Hatun Buğdaycı 22, kardeşi Perihan 17 yaşında. Diyarbakırlı on çocuklu bir ailenin en büyükleri onlar. Bugüne kadar Diyarbakır'dan başka bir yeri ne görmüşler ne de hayal etmişler. Hayatları boyunca bir tek idealleri olmuş; üniversitede okumak. Ama söz konusu olan, Diyarbakırlı fakir bir ailede büyüyen iki genç kız olunca hayat zor bir yol çizebiliyor. Mikrokredi toplantılarından birinde rastladık Hatun ve Perihan'a. Haftalık toplantıya yeni doğum yapan annelerinin yerine katılmışlardı. Hatun ve Perihan Diyarbakır'ın en fakir mahallesi Benusen'de oturuyor. Yeni doğan kardeşleriyle birlikte on iki nüfuslu aile içinden sıyrılıp, sınava hazırlanmak ve üniversiteyi kazanmak Hatun ve Perihan için hayaldi.
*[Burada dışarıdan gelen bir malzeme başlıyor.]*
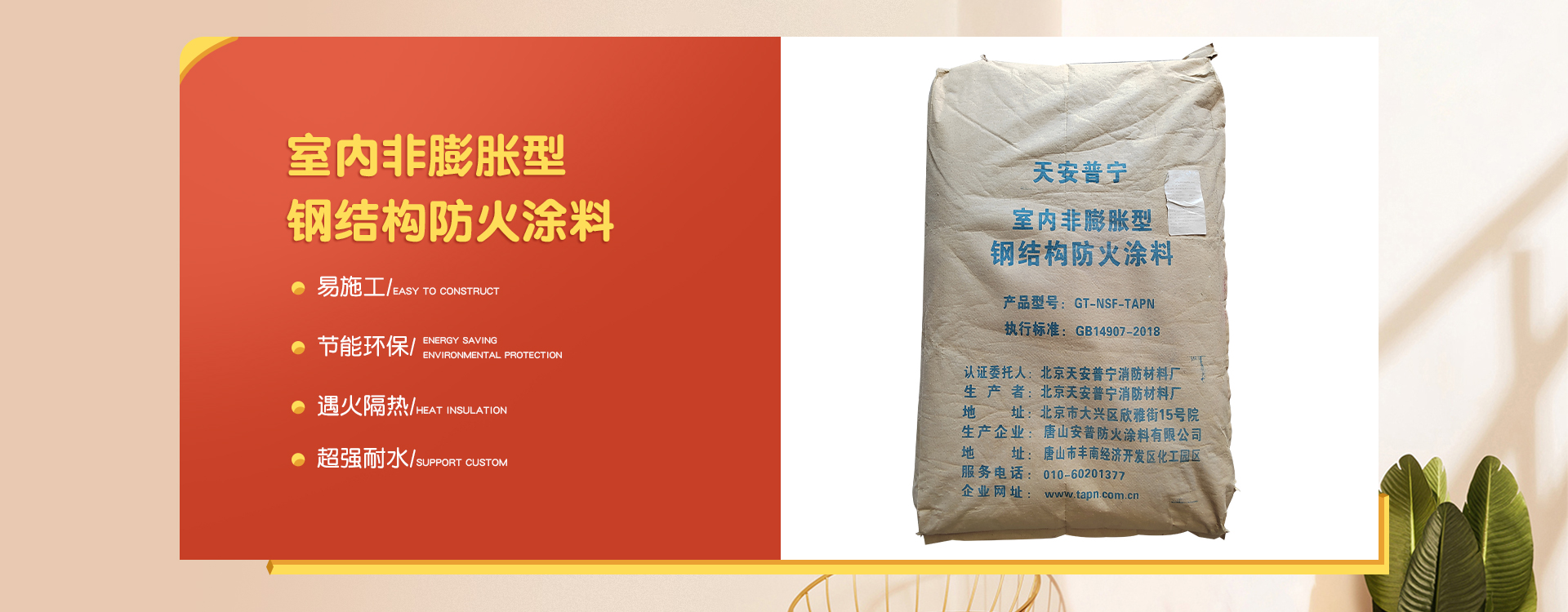 北京天安普寧消防材料廠是一家從事防火涂料二十多年生產企業,企業集研制開發、生產銷售及各類防火涂料施工為一體。 企業員工總數100人,其中管理人員20人,科研人員10人,銷售50人,其他員工十多人。企業生產用地面積2000平方米左右,辦公用地面積1000平方米。擁有先進的生產設備20多臺,年生產量10000余噸。 企業擁有一支高學歷、資歷深的研發隊伍,以科學的管理,先進成套的生產流水線設備及完善的產品質量檢驗措施,開發出TAPN系列防火涂料產品,可以滿足于各類建筑工程中不同基材、不同技術要求的防火保護,天安普寧系列防火涂料全部經過《國家消防及阻燃產品質量監督檢驗中心》檢驗,理化性能合格,防火性能高,通過《應急管理部消防產品合格評定中心》認證并獲得《消防身份信息標識》。 企業結合多年的工程施工實踐經驗,培養了一支專業有素、經驗豐富、高質量、效率高的防火涂料施工隊伍,可承攬各類高層、多層、大跨度廠房及網架鋼結構防火涂料噴涂施工服務。 企業始終為用戶全心全意服務,不斷滿足各建設單位的要求,共同為我國的建筑消防事業作出更大的貢獻,衷心感謝新老客戶的支持,全體員工熱情歡迎廣大用戶的光臨惠顧。

Ta ki geçtiğimiz yıl bir komşularından mikrokredi projesini duyana kadar. Alınan küçük kredilerle evini geçindiren kadınlar, kız kardeşler için de umut ışığı oldu. Anne Hediye Buğdaycı, kızlarının üniversite hayallerini gerçekleştirmek için mikrokrediye başvurdu. Kızlar annelerinin aldığı 500 milyon lira krediyle süs eşyaları yapıp satmaya başladılar. Amaç üniversiteye hazırlık kursuna yazılabilmekti. Hatun mikrokredi hikayesini şöyle anlatıyor: "Benim için ulaşılması çok zor bir şeydi üniversite. Ama hiç umudu yitirmedim, 'Bir gün üniversiteye gideceğim' dedim hep. Kursa gitmek istiyordum ama paramız yoktu. Babamın kazandığı para ancak geçinmemize yetiyordu. Annem komşusundan duymuş, "Şu mikrokrediyi alalım, sana dershane parası yapalım" dedi. Hemen komşularla birlikte iş eğitimine başladı annem."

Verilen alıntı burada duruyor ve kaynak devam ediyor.